— Это любопытный взгляд, — заинтересовался Лопух. — Посмотреть на наше существование с точки зрения, так сказать, отсутствия существования, точно так же, как мы смотрим на отсутствие существования с точки зрения существования… Тот же подход к проблеме, только, так сказать, с другой стороны. И как вам это пришло в голову, коллега?

— Очень просто. Вот здесь, допустим, существование, здесь — отсутствие существования, а посредине я. Я говорю: всем оставаться на своих местах, сейчас я решу, куда смотреть и откуда… — Он растерянно оглянулся на Синта и Морфа. — Ничего этого, разумеется, не было, просто я с другой стороны смотреть не могу… Я ведь живу там, по ту сторону существования. В стране Где Ничего Нет.

— Как, совсем ничего? У нас здесь тоже бывает: то дождя нет, то солнца… Но что-то все-таки есть. А так, чтоб совсем не было…

— Здесь такого не бывает, — согласился Мазурий. — Но я ведь не отсюда, я из страны Где Совсем Ничего Нет, из страны Полного Отсутствия Существования.

— Значит, обскакали вы нас, — вздохнул доктор Лаппа-Минор. — Смотреть на Все из Ничего для мыслителя более выгодная позиция, чем устремлять взгляд из Всего — в Ничто.

— Ну, пошли местоимения, — поморщился Морф. — Самая неинтересная тема.

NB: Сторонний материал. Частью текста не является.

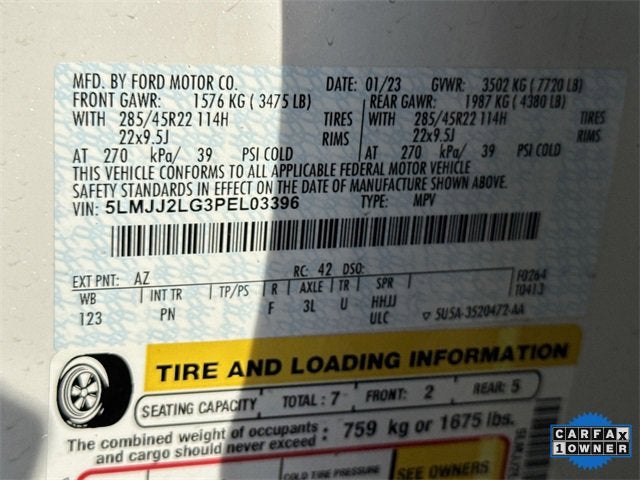 Equipment Group 201A Reserve I, Heavy-Duty Trailer Tow Package (26mm Radiator, Class IV w/4-Pin & 7-Pin Connectors, Electronic Traction Assist (eLSD), Front Tow Hooks, Pro-Trailer Backup Assist 2.0, Smart Trailer Tow, Tiered Cargo Area Management System, Trailer Brake Controller, and Trailer Sway Control), Luxury Package (Illuminated 1st & 2nd Row Seat Belts, Lincoln Lit Star in Grille, Perfect Position Seats (30-Way) w/Active Motion, and Radio: Revel Ultima 3D Audio System w/28 Speakers), 4WD, Sandstone Leather, Active Cruise Control, Air Conditioning, Heads-Up Display, Heated rear seats, Low tire pressure warning, Navigation system: Connected Navigation (3-year trial), Pedal memory, Power steering, Power windows, Telescoping steering wheel, Tilt steering wheel, Traction control, Ventilated rear seats, Wheels: 22 Bright Machined Aluminum, 14 Speakers, 3.73 Axle Ratio, 3rd row seats: split-bench, 4-Wheel Disc Brakes, ABS brakes, Active Park Assist 2.0 Delete, Adaptive suspension, Adjustable pedals, Alloy wheels, AM/FM radio: SiriusXM with 360L, Audio memory, Auto High-beam Headlights, Auto Start-Stop Technology, Auto tilt-away steering wheel, Auto-dimming door mirrors, Auto-dimming Rear-View mirror, Auto-leveling suspension, Automatic temperature control, Bodyside moldings, Brake assist, Bumpers: body-color, Compass, Delay-off headlights, Driver door bin, Driver vanity mirror, Driver's Seat Mounted Armrest, Dual front impact airbags, Dual front side impact airbags, Electronic Stability Control, Emergency communication system: 911 Assist, Exterior Parking Camera Rear, Four wheel independent suspension, Front anti-roll bar, Front Bucket Seats, Front dual zone A/C, Front fog lights, Front reading lights, Fully automatic headlights, Garage door transmitter, Genuine wood dashboard insert, Genuine wood door panel insert, Hands-Free Liftgate Delete, Head restraints memory, Heated door mirrors, Heated front seats, Heated steering wheel, HVAC memory, Illuminated entry, Leather steering wheel, Memory seat, Occupant sensing airbag, Outside temperature display, Overhead airbag, Overhead console, Panic alarm, Passenger door bin, Passenger seat mounted armrest, Passenger vanity mirror, Power adjustable rear head restraints, Power door mirrors, Power driver seat, Power Liftgate, Power moonroof: Panoramic Vista Roof, Power passenger seat, Prem Lthr Auto Htd/Ventiltd Perfect Position Seats, Radio data system, Radio: Revel AM/FM/HD/MP3 Audio System, Rain sensing wipers, Rear air conditioning, Rear anti-roll bar, Rear audio controls, Rear reading lights, Rear window defroster, Rear window wiper, Reclining 3rd row seat, Remote keyless entry, Security system, SiriusXM w/360L, Slow Climb Drive Mode, Speed control, Speed-sensing st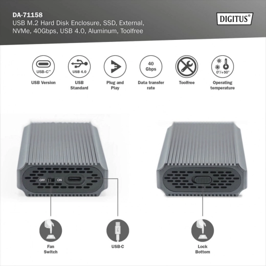 USB 4.0 kabinet til M.2 NVMe SSD muliggør hurtig dataoverførsel på 40 Gb/s, hvilket sikrer jævn drift og lynhurtig kopiering af filer. Kompatibel med ældre USB-versioner, nem installation uden værktøj og understøttelse af op til 8 TB lagerplads.

— Вы так думаете? — оживился Лопух. — В таком случае посмотрите на нее… — И он ткнул пальцем в пространство, где стояла Лунария Оживающая.

Она стояла и умирала.

Может быть, от любви.

— Посмотрите на нее, — продолжал Лопух, — она умирает и оживает двадцать пять лет подряд, и всякий раз — словно с луны свалилась. У нее и стручки в виде ущербной луны, отсюда ее ущербная философия. Ведь умирать — это, согласитесь, ущербная философия. В особенности учитывая тот факт, что сейчас не война 1812 года. А она умирает. Правда, потом оживает. Или сначала оживает, а потом умирает. Это вопрос дискуссионный. Вы спросите: зачем она оживает? Это тоже вопрос дискуссионный, но могу высказать свою точку зрения. Ей, видите ли, понадобился Подснежник. А он уже два месяца как отцвел.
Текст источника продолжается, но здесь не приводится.